Data entries:
--- START ---
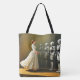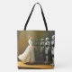 Den här väskan har en kvinna och robotar som visas på den.
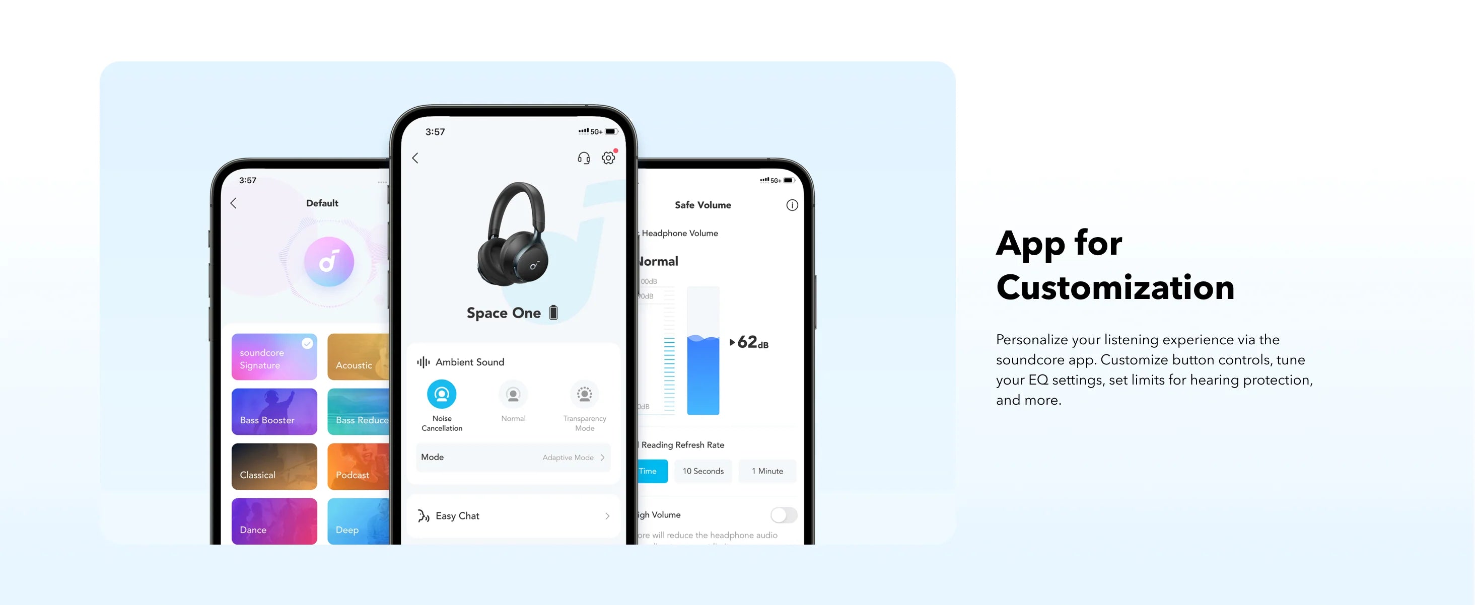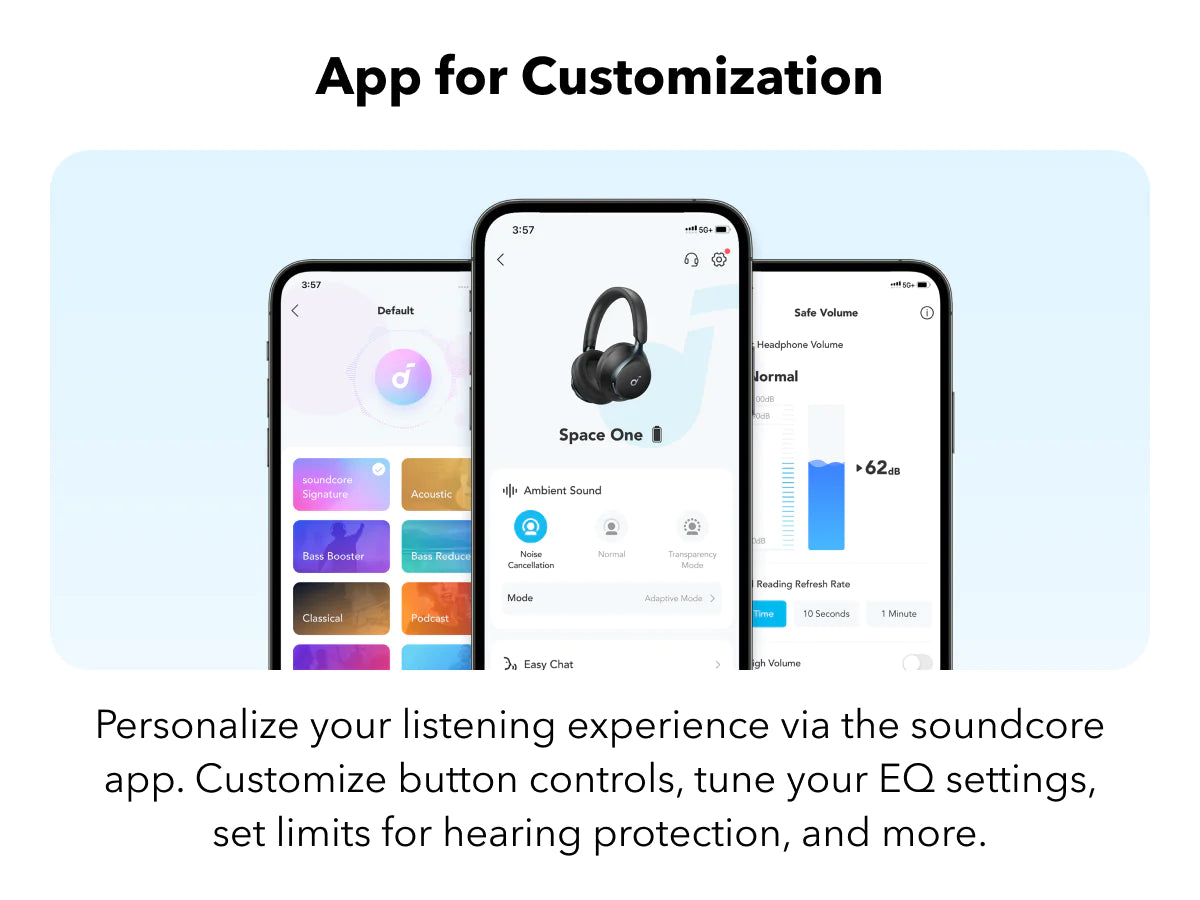1. Space One automatically sets the default ANC and Transparency levels are both set to 5. These levels can be adjusted through the soundcore app according to personal preference.
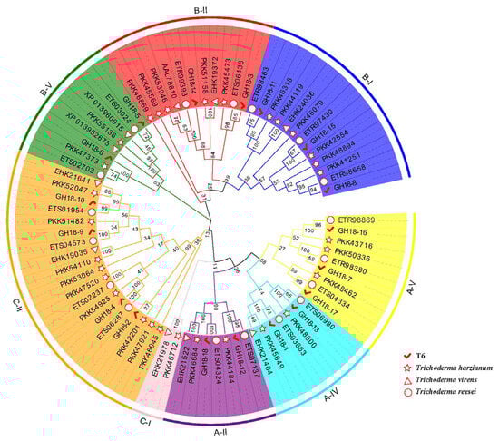 The phylogenetic tree was constructed using the neighbor-joining (NJ) method with MEGA11 (v11.0.13), based on the amino acid sequences of T6, T. harzianum, T. virens, and T. reesei. Putative GH18 proteins were identified in these species based on the results of an HMM search for PF00704. Furthermore, these proteins were classified into three major groups (A, B, and C) and eight subgroups (A-II, A-IV, A-V; B-I, B-II, B-V; C-I; C-II).
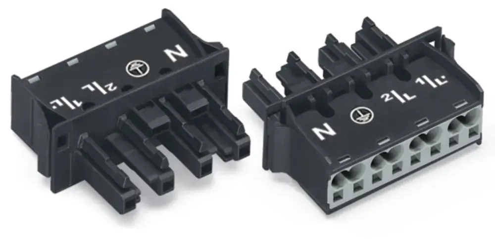 Die Federleiste/Buchse WINSTA® MIDI Bemessungsstrom 25 A ist die steckbare Lösung für Ihre Anwendung im Schaltschrank, beim Leuchtenanschluss oder auf der Leiterplatte. Egal, ob auf der Leiterplatte, im Schaltschrank oder für den Leuchtenanschluss mit Installationssteckverbindern von WAGO erstellen Sie den Anschluss an vielfältige Anforderungen im Handumdrehen. Die mechanische und farbliche Kodierung der Installationssteckverbinder gewährleistet eine fehlerfreie Installation der einzelnen Komponenten Fehlsteckschutz inklusive. Der Installationssteckverbinder ist gemäß der Schutzart IP20 geschützt (In gestecktem Zustand: IP2xC (Diese Installationssteckverbinder sind nicht für den Einsatz in leicht zugänglichen Bereichen vorgesehen!)). Das bedeutet, dass man mit dem Finger nicht an spannungsführende Kontaktelemente gelangen kann. Der Installationssteckverbinder WINSTA® MIDI mit Kodierung A in Schwarz oder Weiß wird normalerweise für allgemeine Netzanwendungen in der Energieverteilung genutzt. Der Installationssteckverbinder ist für eine Spannungslast bis 25 A ausgelegt. Sie kann deshalb auch für leistungsstarke Verbraucher verwendet werden. Vollkommene Flexibilität bei der Installation von Anwendungen gewährt Ihnen unsere Produktfamilie WINSTA® MIDI. Sie gewährleistet durch die Push-in CAGE CLAMP®-Federanschlusstechnik eine zeitsparende und fehlerfreie Installation, die unterschiedlichsten Anforderungen flexibel gerecht wird. Die Installation des Snap-Ins erfolgt durch Einrasten. Dank der Verriegelungsklinke ist dies ohne Verschraubung intuitiv und sicher möglich.
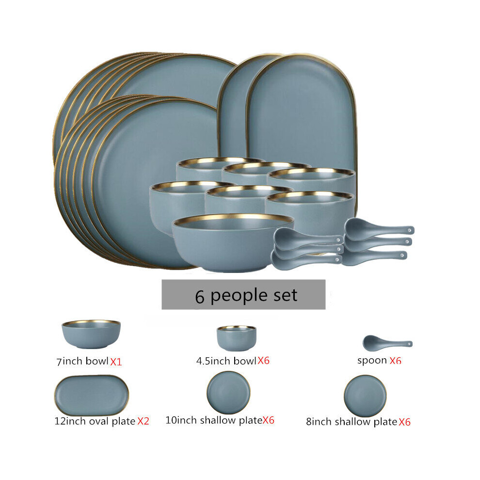 (a-6 people set) Matte Gilt Rim Ceramic Tableware Set with Spoon Cereals Bowl Dessert Plate Steak Plate for Dinner Gift Plates and Bowls Set
--- END ---
The problem >>
Leave out any pictures and return exactly the lines from the beginning of the data through the line with "1. Space One", inclusive.

Completed exercise >>
 Den här väskan har en kvinna och robotar som visas på den.
1. Space One automatically sets the default ANC and Transparency levels are both set to 5. These levels can be adjusted through the soundcore app according to personal preference.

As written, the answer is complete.